WHAT YOU NEED TO DO: Since the pictures are not wanted, reproduce only the rest of the records, exactly as given.

-=-=-=-=-

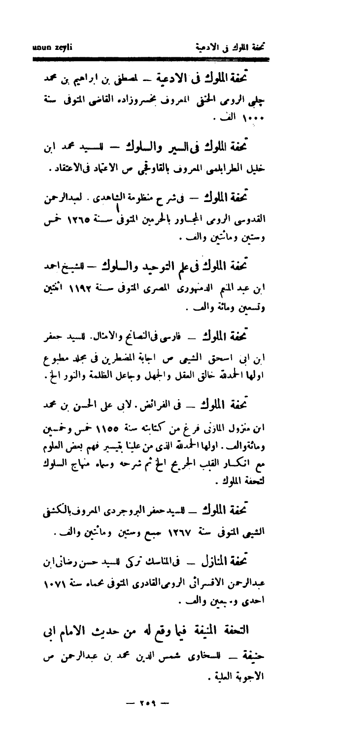 تحفة الملوك في الأدعية - لمصطفى بن إبراهيم بن محمد چلبى الرومي الحنفي المعروف بخسرو زاده القاضي المتوفى سنة 1000 ألف.
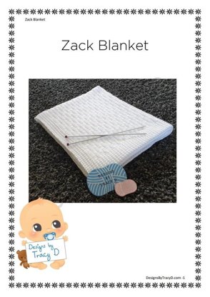 This is a blanket pattern which will match my 'Zack' baby knitting pattern. When finished it measures approx 24" x 30" but it can be made to the required length. I have used King Cole Cherished DK yarn.
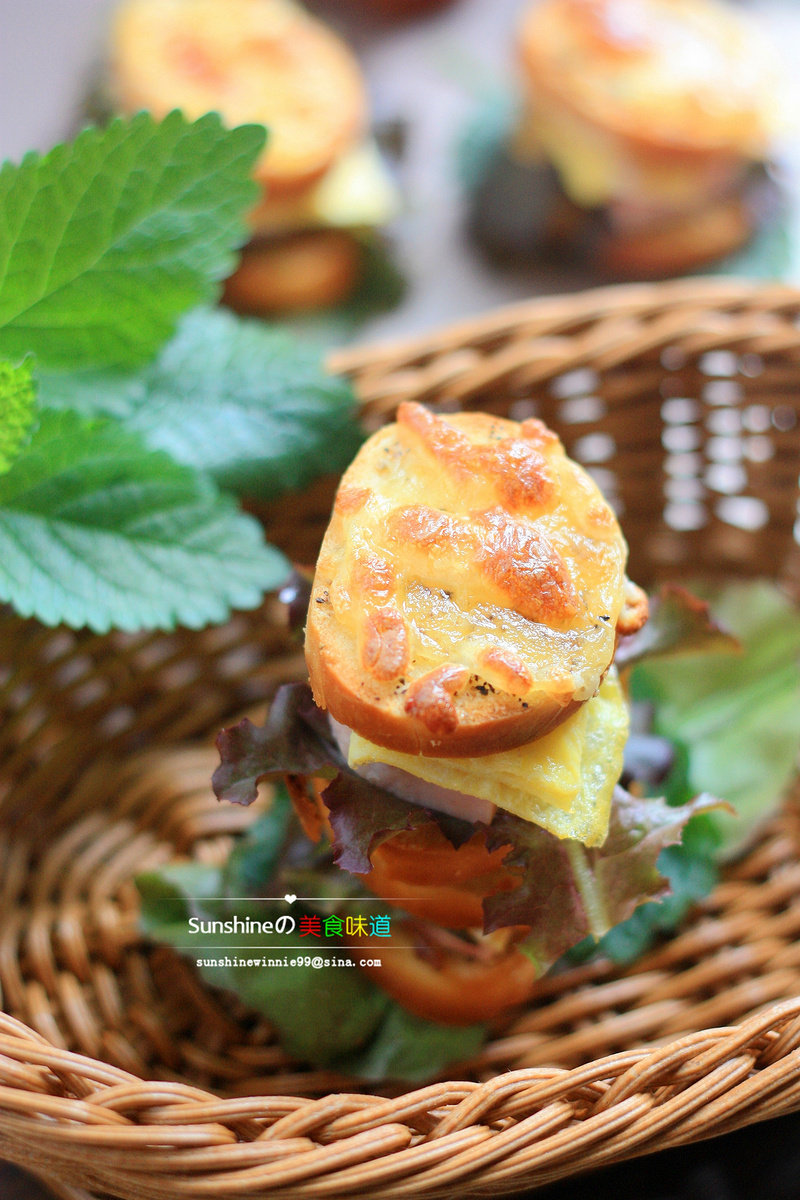 8:烤好的馒头撒上马苏,再次入烤箱烘焙。鸡蛋放一些盐摊成蛋皮,准备好生菜,将这些食材夹在馒头片中间就可以开吃啦。
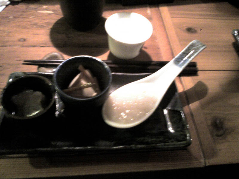 お通しに一口のおかゆを供してくれるお店です。
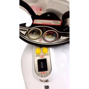 Função: frente e ré Sistema de acionamento: botão no pé Número de rodas: 3 Sistema de direção: guidão Assento: sim Apoio para os pés: sim Emite luzes: sim, farol e sirene Som de música: sim Porta objetos traseiro: sim

-=-=-=-=-

YOUR SOLUTION:
 تحفة الملوك في الأدعية - لمصطفى بن إبراهيم بن محمد چلبى الرومي الحنفي المعروف بخسرو زاده القاضي المتوفى سنة 1000 ألف.
 This is a blanket pattern which will match my 'Zack' baby knitting pattern. When finished it measures approx 24" x 30" but it can be made to the required length. I have used King Cole Cherished DK yarn.
 8:烤好的馒头撒上马苏,再次入烤箱烘焙。鸡蛋放一些盐摊成蛋皮,准备好生菜,将这些食材夹在馒头片中间就可以开吃啦。
 お通しに一口のおかゆを供してくれるお店です。
 Função: frente e ré Sistema de acionamento: botão no pé Número de rodas: 3 Sistema de direção: guidão Assento: sim Apoio para os pés: sim Emite luzes: sim, farol e sirene Som de música: sim Porta objetos traseiro: sim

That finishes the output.